If you’ve ever tried to use insurance to pay for a medical procedure—or a prosthetic device like a bionic hand—you’ve probably heard the word pre-authorisation. It sounds simple. But for many people, this is the step that causes the most delays, confusion, and frustration in the whole process.
Whether you are using CGHS, ECHS, ESIC, Ayushman Bharat, or private health insurance, pre-authorisation is the first and most critical step in getting cashless approval. Without it, your treatment or prosthetic fitting won’t be approved. And without approval, there’s no coverage.
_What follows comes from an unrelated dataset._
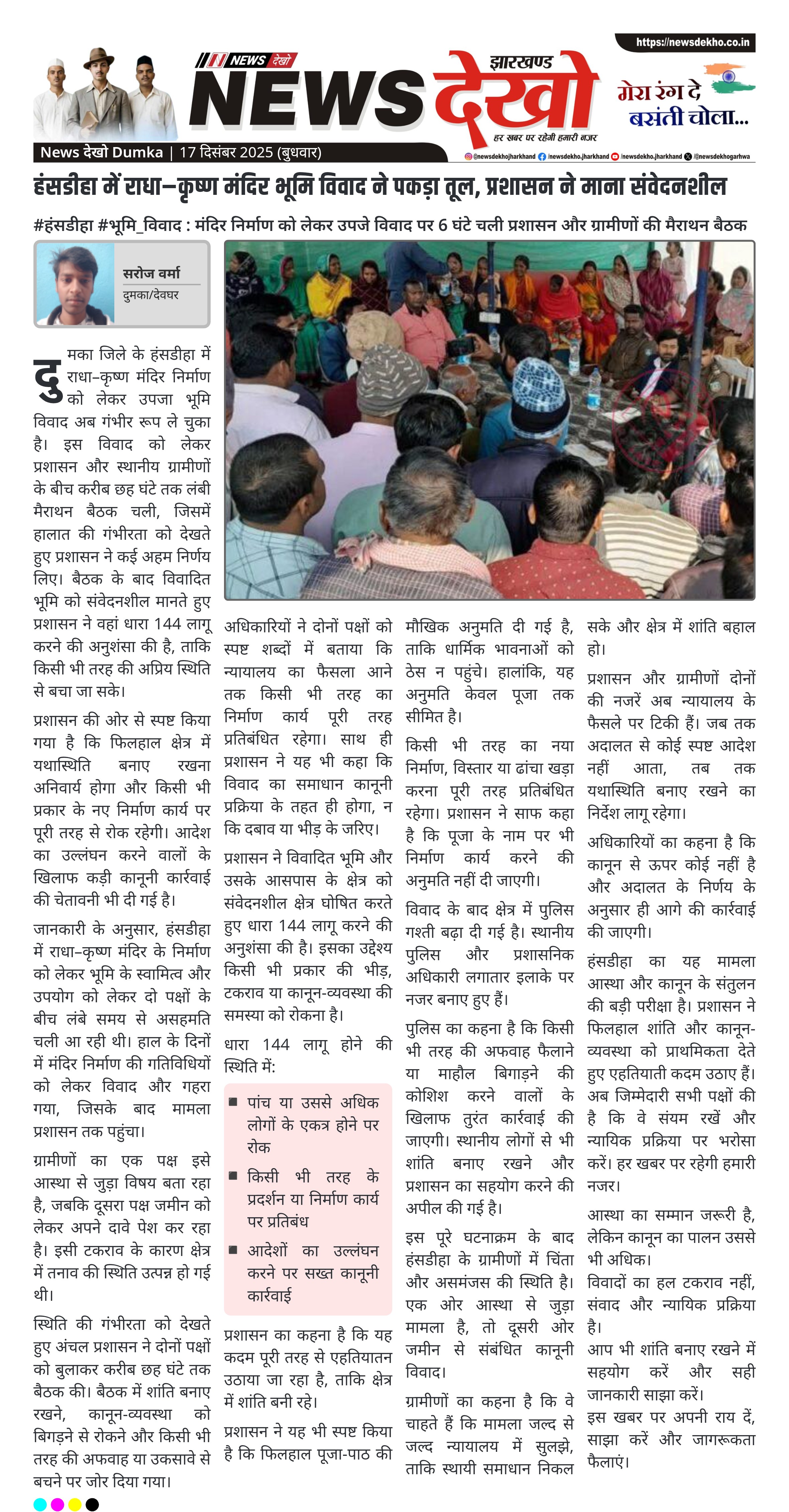 दुमका जिले के हंसडीहा में राधा–कृष्ण मंदिर निर्माण को लेकर उपजा भूमि विवाद अब गंभीर रूप ले चुका है। इस विवाद को लेकर प्रशासन और स्थानीय ग्रामीणों के बीच करीब छह घंटे तक लंबी मैराथन बैठक चली, जिसमें हालात की गंभीरता को देखते हुए प्रशासन ने कई अहम निर्णय लिए। बैठक के बाद विवादित भूमि को संवेदनशील मानते हुए प्रशासन ने वहां धारा 144 लागू करने की अनुशंसा की है, ताकि किसी भी तरह की अप्रिय स्थिति से बचा जा सके।

At Robobionics, we help patients and families go through this step every single day. And what we’ve seen is this: most pre-authorisation delays happen not because the system is broken—but because people don’t know how to prepare, submit, and follow up correctly.
This article is here to fix that.
We’ll explain what pre-authorisation actually means, how long it takes under different schemes, what documents you need, and most importantly—how to speed it up.
If you want to avoid stress, save time, and make sure your prosthetic or surgery gets covered without last-minute drama, read on.
What Is Pre-Authorisation?
The First Step Before Cashless Approval

Pre-authorisation is the process where your insurance provider gives advance approval for a treatment, surgery, or device like a prosthetic.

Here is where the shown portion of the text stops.